Add in some axe throwing, a little karate combat and the party starts to get a little intense.
The reality is, these competitive activities that are well-suited for a decked out summer affair, are taking the sports industry by storm. These aren’t fringe activities, they are high growth sports properties popping up around the globe, invested in by major brands, broadcast in prime slots and making their way into the Olympic Games.
Yes, you heard that right, Olympic Games.
We so often focus on the major sports and normalize them as standard. Hitting a little white ball with a club towards a hole 500 yards away seems normal, but tossing a bean bag toward a hole 24 ft apart is “fringe”.
Bouncing a rubber bladder covered in leather, and throwing it into a basket at an arbitrary 10 ft height, is extremely normal... but tossing an axe into a wood block target 15 ft away seems strange.
Truer words have never been spoken.
Roe himself is a little on the fringe. A highly competitive lacrosse player, he played professionally for the Philadelphia Wings in the National Lacrosse League, spent several years as a chief executive with the AVP professional Beach Volleyball circuit, and helped launch Major League Lacrosse.
He’s always gravitated towards sports with upside. Slightly off the beaten path, but with the potential to be great.
His company, Maestroe, focuses on these high-growth sports properties and assists them in all the various stages of their growth cycle -- sponsorships, venues, business planning, marketing, broadcast deals -- this is a fascinating discussion into a side of the sports industry we don’t often talk about.
Here he is, Gabby Roe, President and founder of Maestroe...
1: I’ve read where you’ve described your company Maestro as a “growth engine for high-growth sports in various stages of their development.”
On a podcast you get more time to expand and articulate, so tell us all – what is Maestro?
2: What led you down this path? Where did the intrigue for growing fringe sports come from?
3: Let’s define “growth” a little – are we talking revenue growth, or visibility growth? And even broader, do those require different approaches?
4: You played lacrosse at powerhouse University of Virginia and in the National Lacrosse League for the Philadelphia Wings back in the 80’s– what traits from your playing career have served you well in the business world?
5: For the various sports you work with, you and your team at Maestro have helped them secure sponsors like Uber, Monster Energy Drinks, Chipotle – massive brands.
To make these deals, is it more important to know someone on the inside of the business and have a powerful network of connections – or is it about having a good story and connection to their brand?
6: What is it like when you get Chipotle on the phone and say, “I want to pitch you on being involved with the Pro Breakdancing tour?” is there ever a moment of self-doubt?
7: How important is data when you are in a pitch? I’d imagine these huge brands want to be convinced of their reach and impact, not just sold a cool story.
8: Are you able to take the knowledge you have working with one sport, like curling, and apply it to another growth project like ultimate frisbee? Are there techniques and knowledge that cross-over or is it complete different each time?
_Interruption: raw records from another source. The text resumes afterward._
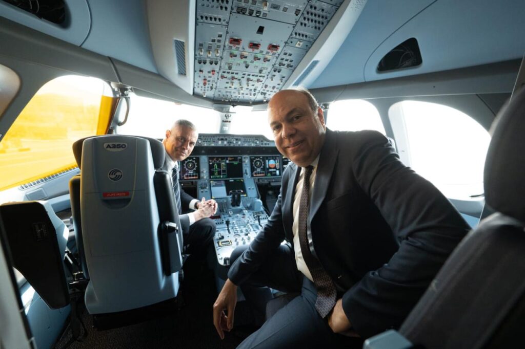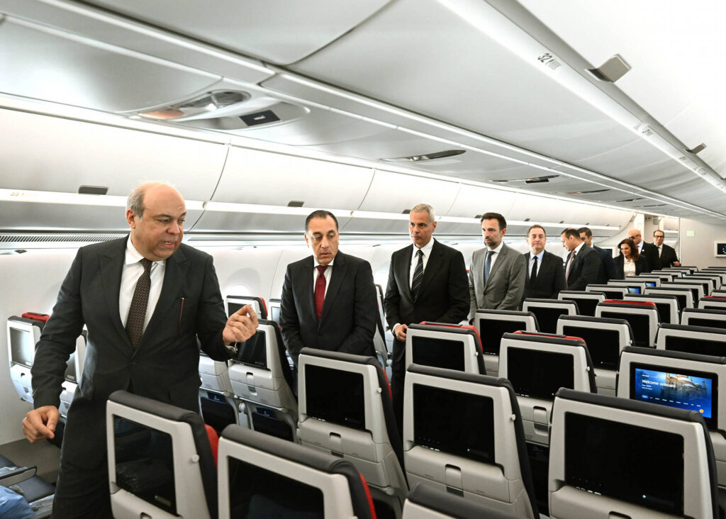 واستمع رئيس الوزراء إلى شرح مفصل حول إمكانات الطائرة الجديدة من طراز Airbus A350-900، وما تتميز به من تقنيات فنية وخدمية، وفق أحدث التجهيزات التكنولوجية، حيث أشار الدكتور سامح الحفني، إلى أن شركة “مصر للطيران” تعد أول شركة في شمال أفريقيا تشغل هذا الطراز، مضيفا أن هذه الطائرة تأتي ضمن صفقة تم توقيعها مع شركة “Airbus” لضم عدد من الطائرات الحديثة من هذا الطراز، في إطار خطة شاملة لتحديث الأسطول الجوي وتعزيز التوسع المستقبلي في شبكة خطوط “مصر للطيران” الجوية، خاصة إلى الوجهات بعيدة المدى، بما في ذلك مدن في الولايات المتحدة مثل لوس أنجلوس وعدد من الوجهات في شرق آسيا.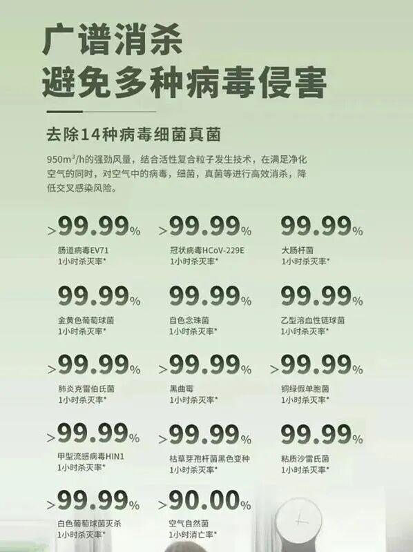 消毒能力專業:具備衛健委備案的“消毒產品”資質,常見的流行病毒、過敏原,如甲型流感病毒、腸道病毒可消殺,花粉、塵蟎等可過濾,並且都有檢測報告。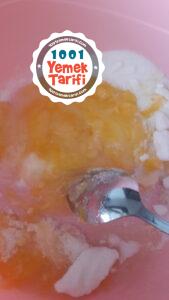 - Daha sonra üzerine tereyağ, sıvıyağ ve yoğurt da ekleyip tekrar karıştırıyoruz.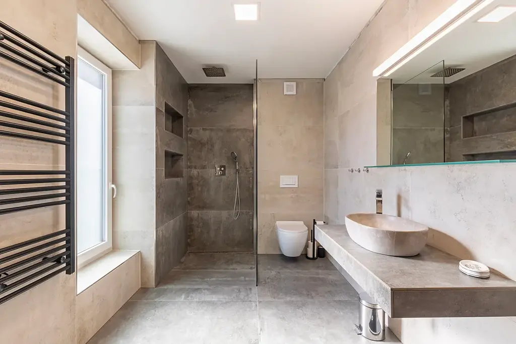 * koupelna se sprchovým koutem i vanou
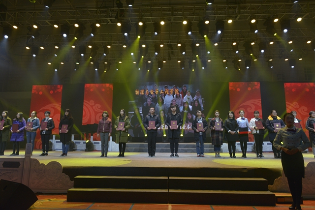 晚会期间,校领导为校优秀班集体以及受共青团中央、团省委嘉奖的学院颁奖,为我校优质生源基地授牌。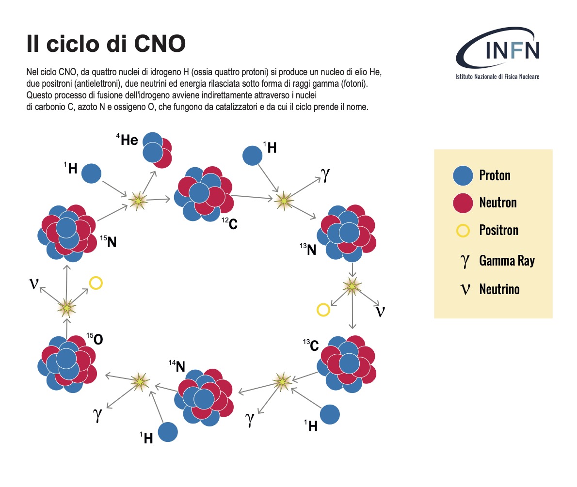 La collaborazione scientifica Borexino, esperimento ai Laboratori nazionali del Gran Sasso dell’Istituto nazionale di fisica nucleare, pubblica oggi su Nature l’annuncio della prima rivelazione in assoluto dei neutrini prodotti nel Sole dal ciclo CNO (carbonio-azoto-ossigeno): un risultato sperimentale di valore storico, che completa un capitolo della fisica iniziato negli anni ’30 del secolo scorso. L’implicazione di questa nuova misura per la comprensione dei meccanismi stellari è enorme: infatti, poiché il ciclo CNO è preponderante nelle stelle più massicce del Sole, con questa osservazione Borexino ha raggiunto l’evidenza sperimentale di quello che di fatto è il canale dominante nell’universo per la combustione dell’idrogeno.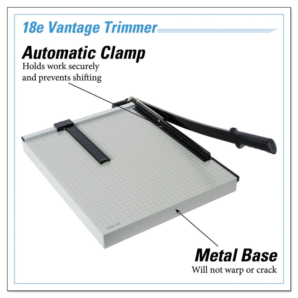 Designed to hold up to rigorous activity, day in and day out. The machine-ground, lever-style blade is sharp and accurate enough that it can remove even the tiniest sliver of paper from your work. For safety, the spring action handle prevents the blade from falling down unexpectedly. Lightweight and marked with guides, Vantage® trimmers offer safety and convenience, while giving you the accuracy you require.

9: What about the audiences? Are there similarities across fringe sports, or are they completely different animals?
10: OK, let’s get into the tactical a little bit -- without sharing any company secrets -- what does a growth plan look like? You get interested in helping a sport like axe-throwing grow – where do you even start?
11: It seems to me these sports are tailor made for content – viral videos, social campaigns – is content and video is how you reach the right audience for these products?
12: It appears from this conversation that your role requires, marketing, sponsorship, negotiating, leadership, facility management, and multiple other skills. But if you were advising young people dreaming of working in the sports industry – what should they focus on to be successful in the sports business?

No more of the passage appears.